Здесь, по сути, смыкаются две вышеуказанные проблемы русского языка советского периода, а именно: проблема взаимоотношения языка и действительности есть необычное для языкового развития раздвоение семантики слов на официальную и неофициальную, т. е. сосуществование в одном и том же письменно-речевом оформлении намеренно-лживого отображения и правдивого восприятия советской действительности. Именно через необычность разрешения этого вопроса раскрывается и вторая проблема – качественное своеобразие русского языка советского периода.

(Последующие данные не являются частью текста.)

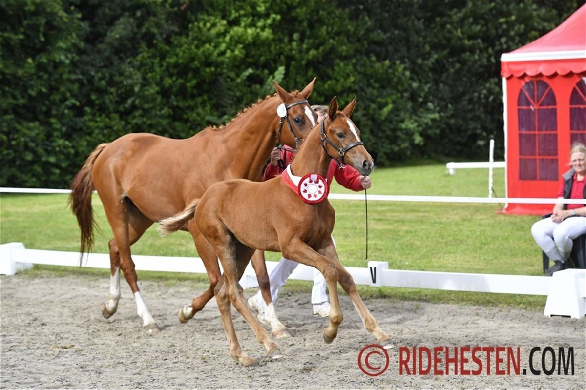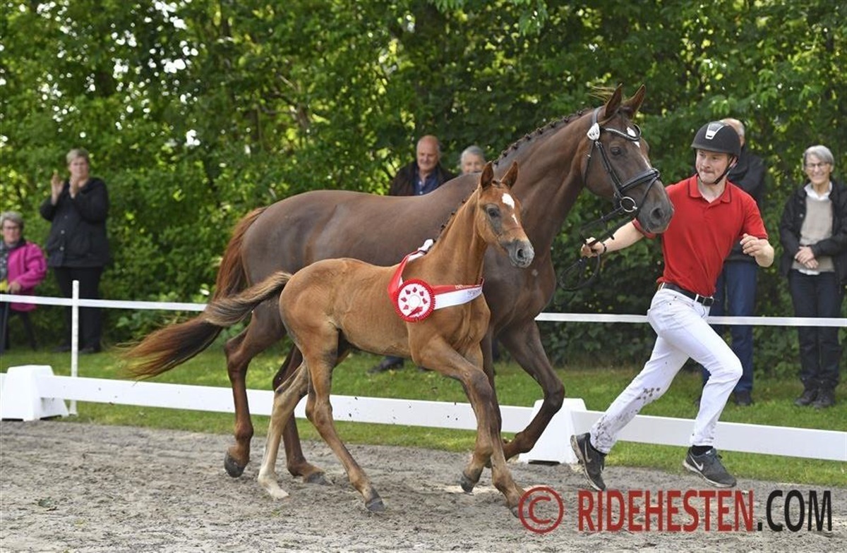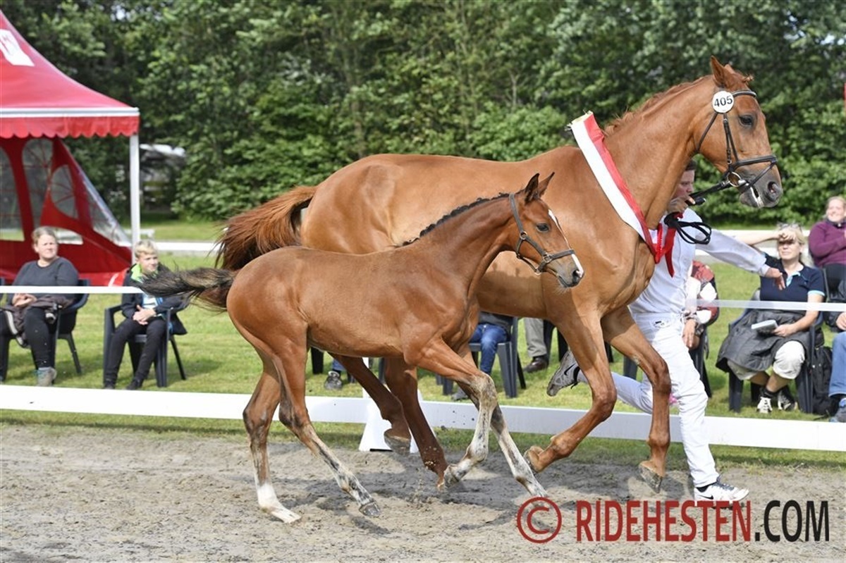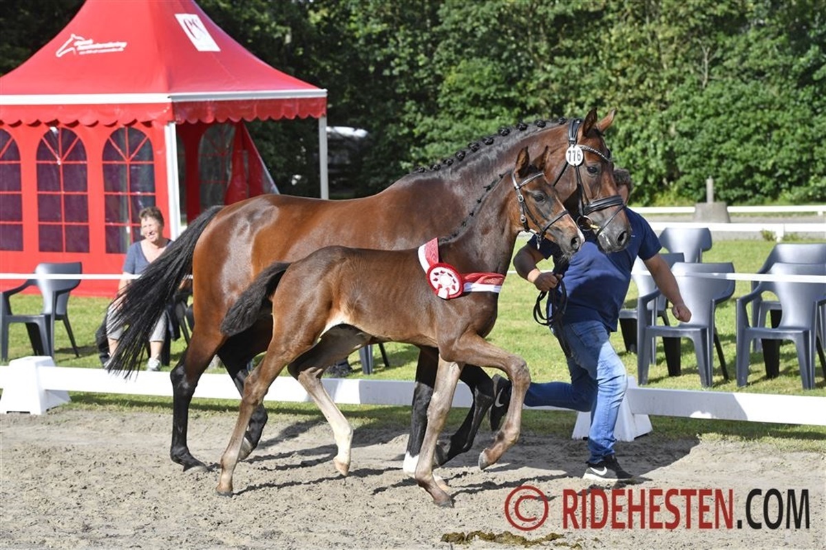 Det blev til et billet til Eliteskuet for Unico Jm e. Untouchable/Ladas som er avlet og ejet af Melanie Andersen og Jørgen K. Hansen i Christiansfeld som formåede at blive dagens springbetonede hingsteføl, mens reserven til eliteskuet og dagens nummer to blev Præstegårdens Huxi e. Humberto Ask/Qidam De Revel fra Bennt Rheimer i Gråsten .

Сложность момента заключается в том, что фразеологический штамп давно существует в развитых языках, т. е. стилистика языка, его фразеологическая идиоматика заключается не только в образном употреблении как будто не совместимых логически элементов («экзамены на носу», «он не в своей тарелке»), но и в обыкновенной стандартизации синтагм («отрицать явление», но «опровергать мысль, мнение»). В основном – это проблема синонимического подбора.

Этот синонимический подбор, по сути, является «естественным отбором», закономерность которого не всегда может быть прослежена и объяснена. Так как человек еще до сих пор не открыл подлинных пружин языкового развития, то он не в состоянии произвольно менять его структуру.

Классикам, конечно, в какой-то мере удается внести что-то свое в структуру языка, в его лексику и даже фразеологию. Но это индивидуальное творчество, по сути, является только шлифовкой того материала, тех полуфабрикатов, которые неосознанно создаются безымянными творцами, а имя им – легион.

Что же сделали большевики? Они узурпировали и монополизировали право создания фразеологических штампов. В отличие от народной многовековой чеканки слов и выражений, охватывающих всё многообразие человеческой жизни, большевики создали сотни и тысячи бездушных партийно-политических фраз, не руководствуясь и не следуя никаким другим соображениям, кроме одного – соответствия пресловутой «генеральной линии» на данный момент.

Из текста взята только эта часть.